In your copy, leave out the pictures; write out all the data exactly.

[Opening DATA EXTRACT section]

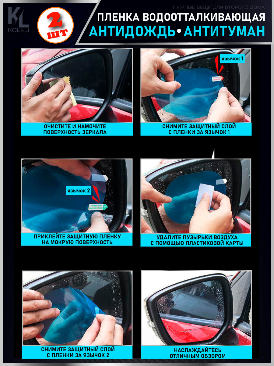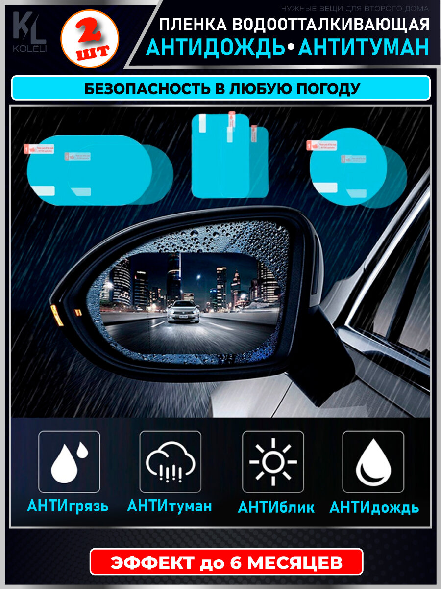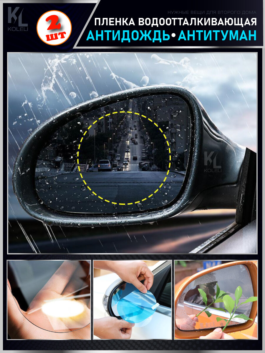 KoLeli / Антидождь пленка, водоотталкивающие наклейки на зеркала, антитуман, 2 шт. информация:
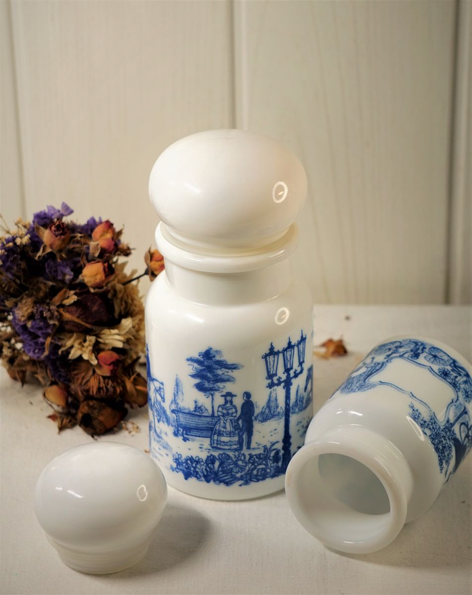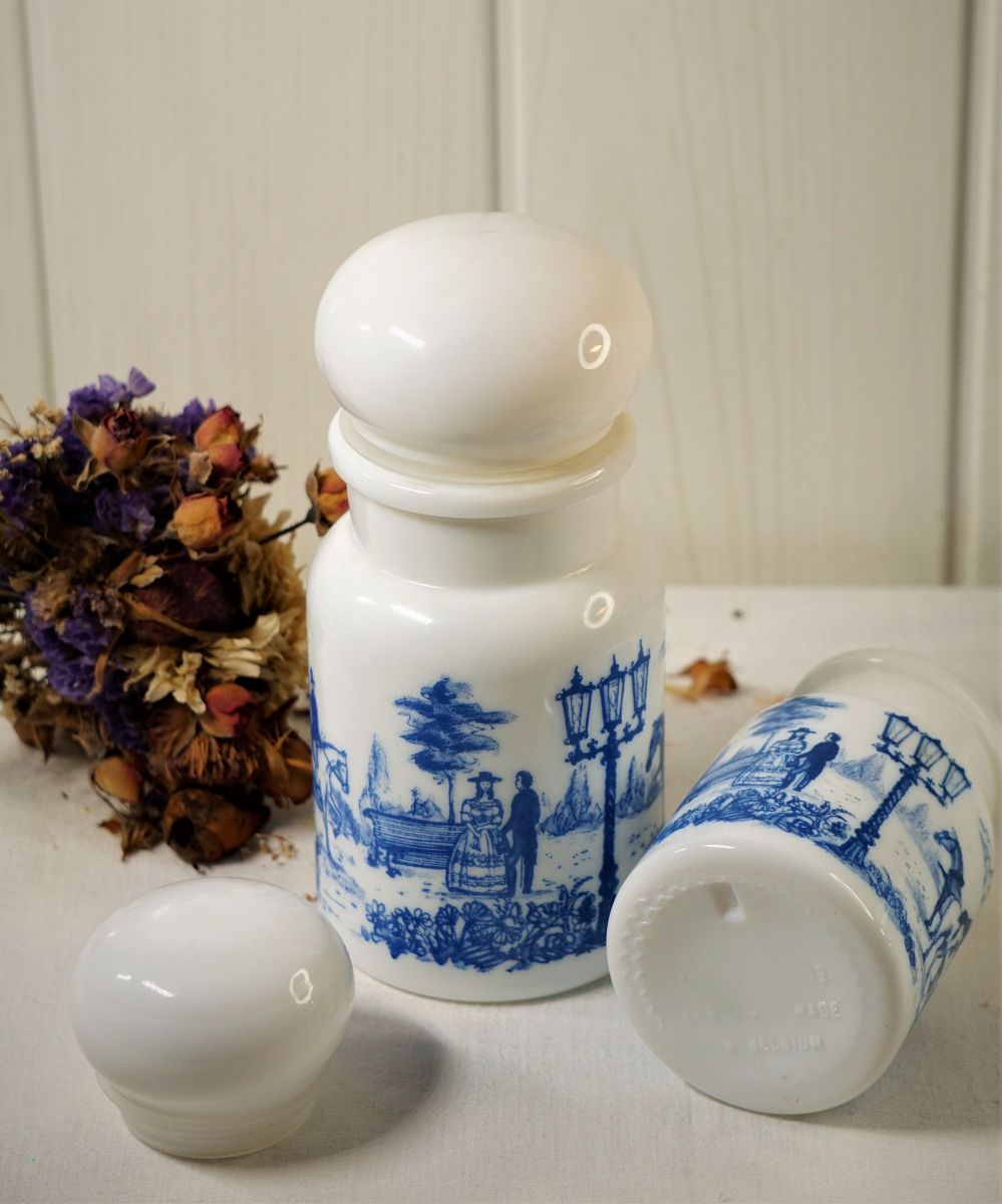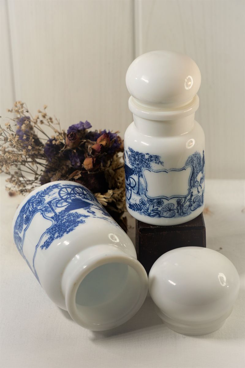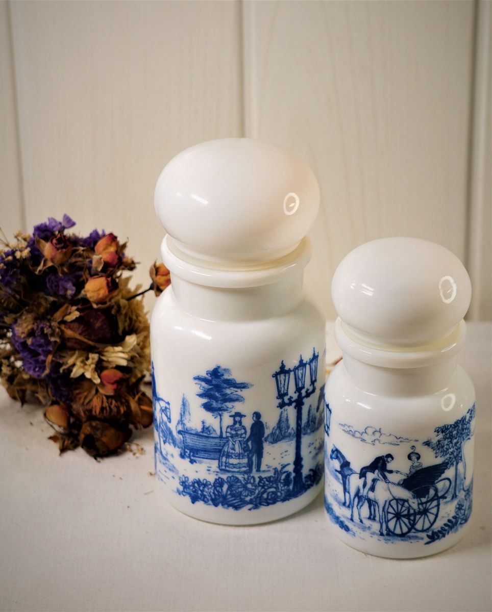 Ce sympathique couple de pots d'apothicaire, en excellent état fabriqués en verre opalisé de blanc possède un charme fou avec leurs illustrations empire. Ils apporteront une touche d'élégance à votre décoration. Pratique ils vous permettent d'y conserver herbes médicinales, tisanes, café ou chicorée , tout en conservant saveurs, et vertus grâce à leurs embouchure jointée et hermétique.
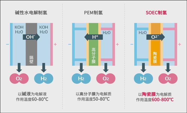 水产生氢的水电解方法有碱性水电解制氢、PEM(Polymer Electrolyte Membrane/固体高分子电解质膜)制氢等几种方式。由于水具备在温度越高越能在低电压下分解的性质,因此与在60℃左右反应的碱性水电解制氢、PEM制氢不同,SOEC所使用的陶瓷材料可在约700℃高温下反应,制氢所需的能耗也会对应削减。
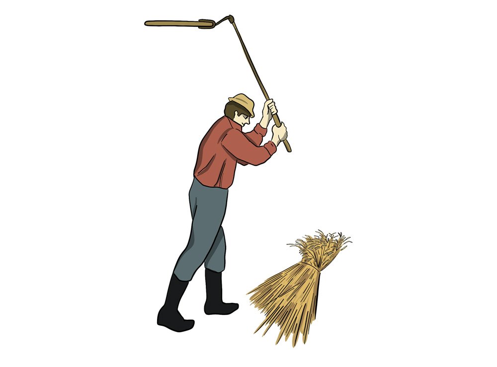Combines were a major improvement in equipment used for the harvest season. The early farmers would harvest their crops by hand. Grain or hay was cut with a scythe and left to dry in the sun. A cradle scythe (also called a hand cradle) cut the hay and dropped it into piles. The grain was left to dry out and then farmers would separate the kernels from the chaff by hitting the stalks with a wooden flail. This would allow them to winnow the grain to separate the kernels from the chaff.

[Closing DATA EXTRACT section]

TASK RESULT →
 KoLeli / Антидождь пленка, водоотталкивающие наклейки на зеркала, антитуман, 2 шт. информация:
 Ce sympathique couple de pots d'apothicaire, en excellent état fabriqués en verre opalisé de blanc possède un charme fou avec leurs illustrations empire. Ils apporteront une touche d'élégance à votre décoration. Pratique ils vous permettent d'y conserver herbes médicinales, tisanes, café ou chicorée , tout en conservant saveurs, et vertus grâce à leurs embouchure jointée et hermétique.
 水产生氢的水电解方法有碱性水电解制氢、PEM(Polymer Electrolyte Membrane/固体高分子电解质膜)制氢等几种方式。由于水具备在温度越高越能在低电压下分解的性质,因此与在60℃左右反应的碱性水电解制氢、PEM制氢不同,SOEC所使用的陶瓷材料可在约700℃高温下反应,制氢所需的能耗也会对应削减。
Combines were a major improvement in equipment used for the harvest season. The early farmers would harvest their crops by hand. Grain or hay was cut with a scythe and left to dry in the sun. A cradle scythe (also called a hand cradle) cut the hay and dropped it into piles. The grain was left to dry out and then farmers would separate the kernels from the chaff by hitting the stalks with a wooden flail. This would allow them to winnow the grain to separate the kernels from the chaff.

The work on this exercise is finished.